Le gouvernement israélien lance une offensive législative de dernière minute à l'approche des prochaines élections
Ce projet de loi comprend plusieurs mesures très controversées concernant la conscription au sein des Forces de défense israéliennes (FDI) et les réformes judiciaires
Le gouvernement israélien a lancé cette semaine une vaste offensive législative visant à faire adopter à la hâte plusieurs projets de loi avant la dissolution prévue de la Knesset le 17 juillet, qui mettra fin à la plupart des activités législatives en attendant les nouvelles élections, actuellement toujours prévues pour le 27 octobre.
Parmi ces projets de loi figuraient plusieurs textes très controversés, dont certains faisaient partie des plans initiaux de réforme judiciaire du gouvernement, et d’autres qui feraient partie d’un accord entre le Premier ministre Benjamin Netanyahu et les partis ultra-orthodoxes, lesquels ont accepté de soutenir la nouvelle législation de la coalition en échange de lois limitant les arrestations des réfractaires à la conscription.
Le projet de loi sans doute le plus controversé a été adopté lundi soir : une loi instituant une commission d’enquête nommée à des fins politiques chargée d’examiner les défaillances liées à l’invasion et au massacre perpétrés par le Hamas le 7 octobre, plutôt que la traditionnelle commission d’enquête d’État.

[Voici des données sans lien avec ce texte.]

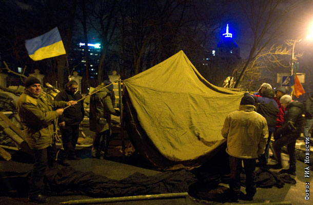 Люди дежурили возле баррикад, сменяя друг друга. Наиболее серьезные форпосты установлены на улице Грушевского - возле Верховной Рады со стороны станции метро "Арсенальная", там дорогу преграждает самосвал и несколько автомобилей. Кроме того, на улице Лютеранской возле администрации президента развернута даже колючая проволока. Помимо установленных в воскресенье вечером баррикад, еще одна к утру понедельника появилась на улице Крещатик возле здания киевского ЦУМа.

L’opposition s’est engagée à boycotter cette législation et à ne pas participer à la sélection des membres de la commission, ce qui signifie que celle-ci ne serait probablement composée que de candidats de la coalition. Toutefois, selon Ynet News, il est peu probable que la loi passe les deuxième et troisième lectures avant les élections.
Un autre projet de loi, qui devait constituer un élément clé de la lutte menée par le gouvernement pour affaiblir le système judiciaire, n’a été approuvé que partiellement. Ce projet visait à scinder en deux la fonction de procureur général : d’une part, le conseiller juridique du gouvernement et, d’autre part, le procureur général.
Toutefois, faute de temps, le projet de loi n’a été approuvé que partiellement et permettra désormais au gouvernement de ne pas tenir compte des avis juridiques du procureur général, de choisir de faire appel à ses propres représentants juridiques devant la Cour suprême et de mettre en place un mécanisme de contrôle à l’égard du procureur général.
Le gouvernement n’a cessé de critiquer la procureure générale pour s’être opposée à ses politiques et l’a accusée de tenter délibérément d’entraver ses activités législatives en recourant à ses avis juridiques contraignants. La version édulcorée du projet de loi devrait être définitivement adoptée la semaine prochaine.
Le prochain projet de loi est l’initiative tant vantée du ministre des Communications, Shlomo Karhi, visant à déréglementer le marché de la télévision, bien que ses détracteurs aient fait valoir qu’il conférerait au gouvernement davantage de pouvoir sur ce secteur.
Ce projet de loi réduirait considérablement la réglementation applicable aux nouvelles chaînes d’information télévisées, supprimerait les séparations légalement requises entre les propriétaires de chaînes de télévision et leurs divisions d’information, et créerait une application gérée par le gouvernement permettant aux citoyens d’accéder gratuitement aux chaînes d’information.
La députée du Likoud, Galit Distel-Atbaryan, a fait valoir que cette loi offrirait un plus grand choix aux Israéliens et que « les consommateurs ressentiraient immédiatement les effets de la baisse des prix ».
Toutefois, il n’est pas certain que la loi soit adoptée face à l’opposition des partis ultra-orthodoxes, qui critiquent le fait que la nouvelle application fonctionnerait le shabbat et contiendrait des contenus qu’ils jugent problématiques sur le plan religieux.
Une autre série de projets de loi a été présentée par les partis haredim, notamment le « projet de loi sur l’étude de la Torah », qui a suscité des condamnations pour avoir inclus des dispositions assimilant explicitement l’étude de la Torah au service militaire, bien qu’il ait été assoupli suite aux vives critiques émanant de la coalition.
Des experts juridiques se sont interrogés sur l’efficacité de ces nouvelles dispositions pour avoir des conséquences juridiques concrètes, même si les partis haredim espèrent qu’elles pourraient renforcer à l’avenir les arguments juridiques en faveur des exemptions du service militaire pour les étudiants des yeshivot. Il devrait être adopté la semaine prochaine.
Enfin, les partis haredim souhaitent faire avancer une proposition visant à réglementer le statut juridique des étudiants de yeshiva à temps plein, c’est-à-dire ceux pour qui « l’étude de la Torah est leur profession », et à suspendre leur arrestation pour insoumission au service militaire.
L’avancement de ce projet de loi et son adoption définitive sont considérés comme incertains avant les élections.